The transformation playbook that served organisations through ERP implementation, digital channel build-out and cloud migration carries a defining assumption: that the target state is knowable, and the task is to plan toward it. Define the future operating model. Map the gap. Build the change programme. Execute sequentially or in structured waves. Govern progress against the plan.
That assumption breaks with agentic AI. The target operating model is not knowable in advance. It emerges through deployment. Organisations that apply the familiar playbook without adjustment, whether by deploying broadly on enterprise vendor platforms or by commissioning a diagnostic and designing the architecture before moving, will generate a specific and expensive form of structural risk: lock-in to a model defined before the organisation understood what it actually needed.
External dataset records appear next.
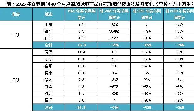 从供应量的角度看,以上海、广州、长沙为代表的一二线城市春节两周的供应,相比疫情前的2019年都在跌。
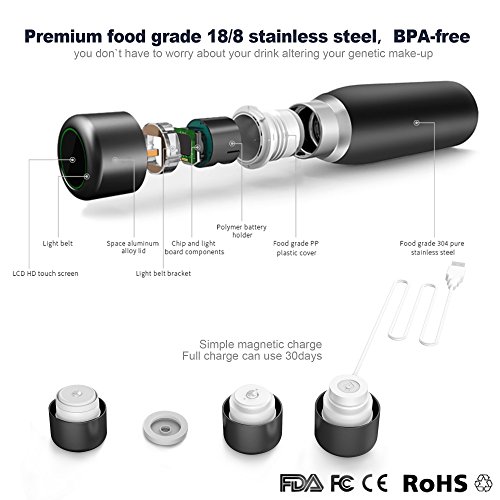 🎁TIMING FUNCTION, ALARM REMINDER, MAGNETIC CHARGING, EASY TO USE - Designed to remind you to drink water regularly or take medicine on time. DAWAY G3 smart water bottle also has expired water reminder function, help you develop healthier water consumption habits. No need smart phone or Bluetooth, easy to operate. Fast charging, 1.5 hrs to fully charge, work time up to 30 days. Energy saving, eco-friendly! Good Health partner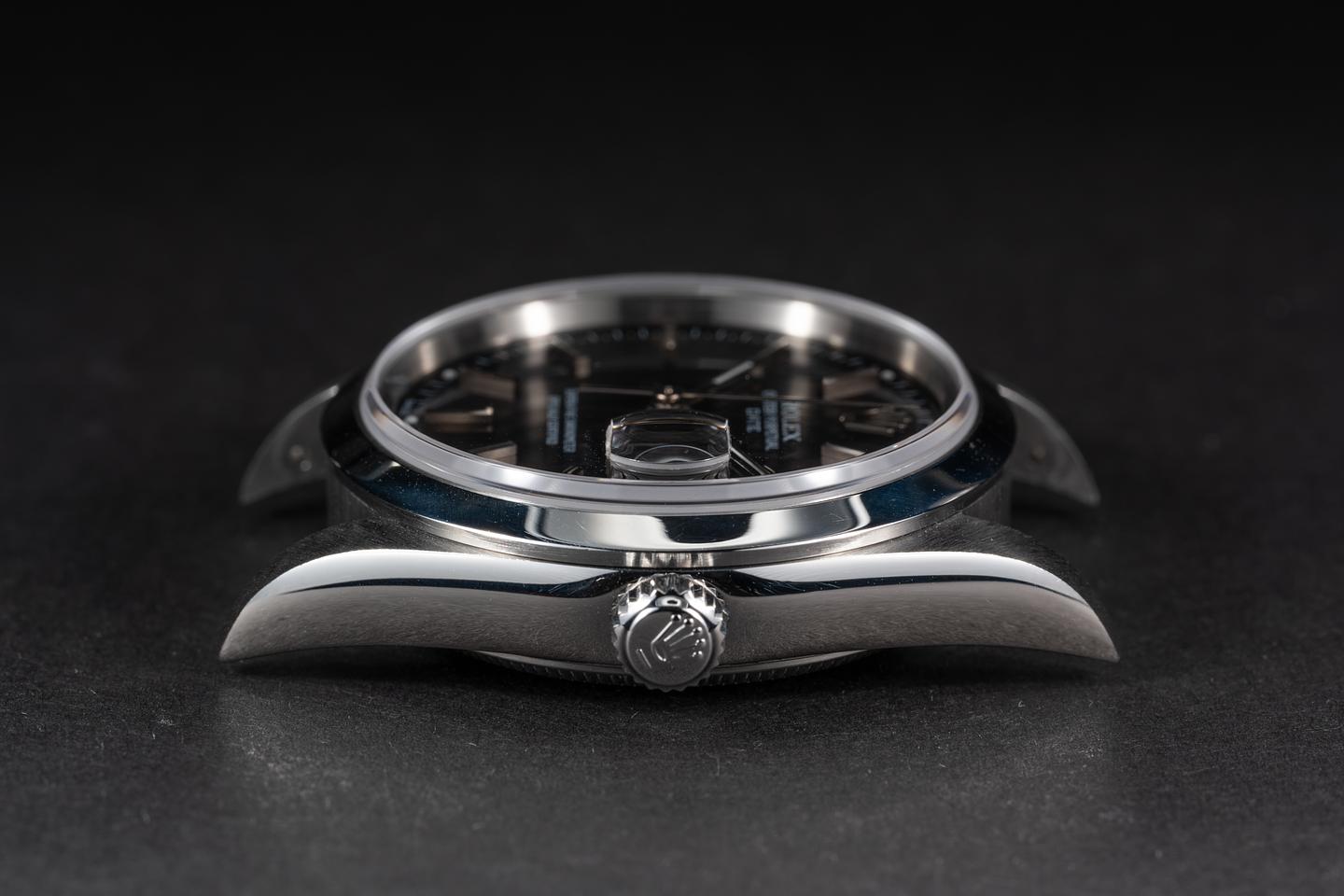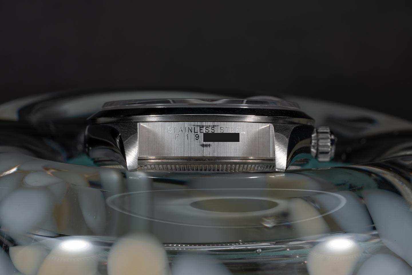 Case: The sharp 34mm case is excellent showing only light wear from use. The smooth stainess bezel is also in excellent condition showing only very light wear from use.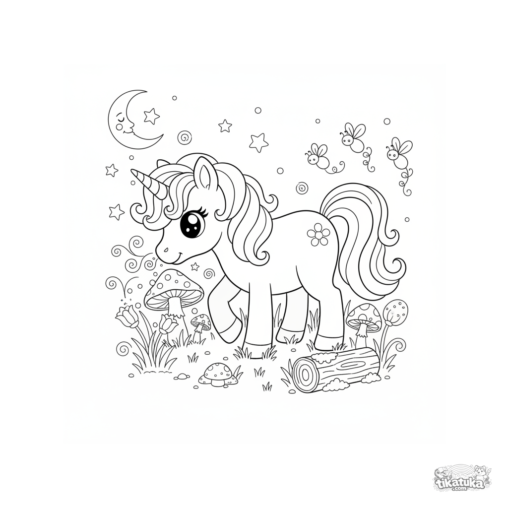 Ausmalbild eines magischen Einhorn-Ponys auf einer verzauberten Wiese. Für Kinder von 3-6 Jahren. Leuchtende Pilze, Glühwürmchen und Magiestaub ergeben eine Märchenszene.

The question this creates for executive teams is precise. If the destination cannot be fully designed in advance, how do you govern a transformation that must, by definition, be discovered through execution?
Why the traditional model does not apply
Conventional transformation logic is well suited to problems with a known destination. Cloud migration has one: the workloads being moved exist, and the architecture they will occupy can be specified. ERP implementation has one: the processes the system will govern can be mapped, the data it will use can be defined, the governance it requires can be designed.
Agentic AI does not have this property. It is not simply a new technology layer. It changes how decisions are made, how work is executed and how value is created. Those changes cannot be fully specified in advance because they depend on how the technology performs in the specific context of the enterprise.
The capabilities available are developing faster than organisations can consume them: Gartner recorded a 1,445 per cent increase in client enquiries about multi-agent AI systems in 2024 alone.1 The operating model implications (how work gets done, which decisions humans retain, how workflows are redesigned) depend on deployment experience that most organisations do not yet have. The value case for a specific use case cannot be reliably pre-specified, because the performance of AI systems in operational context cannot be reliably predicted from vendor demonstrations or peer benchmarks.
The structural consequence is clear. Organisations designing their AI operating model comprehensively before deployment are not being rigorous. They are being premature. And organisations deploying broadly before understanding what they need are not being bold. They are accumulating a new form of technical and operational legacy at pace.
What the data actually shows
The deployment picture is not uniform, and the divergence is instructive.
McKinsey's 2024 State of AI report found that 88 per cent of organisations had deployed AI in at least one business function.2 But MIT's Center for Information Systems Research, in a study of 721 organisations, found that only seven per cent had scaled AI enterprise-wide, and that a small group of high performers, roughly six per cent of the total, were generating more than 80 per cent of observed value.3 BCG's parallel analysis put the proportion of organisations successfully scaling AI at four per cent.4
The gap is not primarily about access to technology or investment volume. McKinsey's analysis found that AI-enabled transformations require, on average, 2.8 times more workflow redesign than conventional technology deployments.5 The organisations failing to scale have, in most cases, deployed capability into workflows that were not redesigned to use it. Tools have proliferated; operating models have not changed. The result is AI activity without AI value.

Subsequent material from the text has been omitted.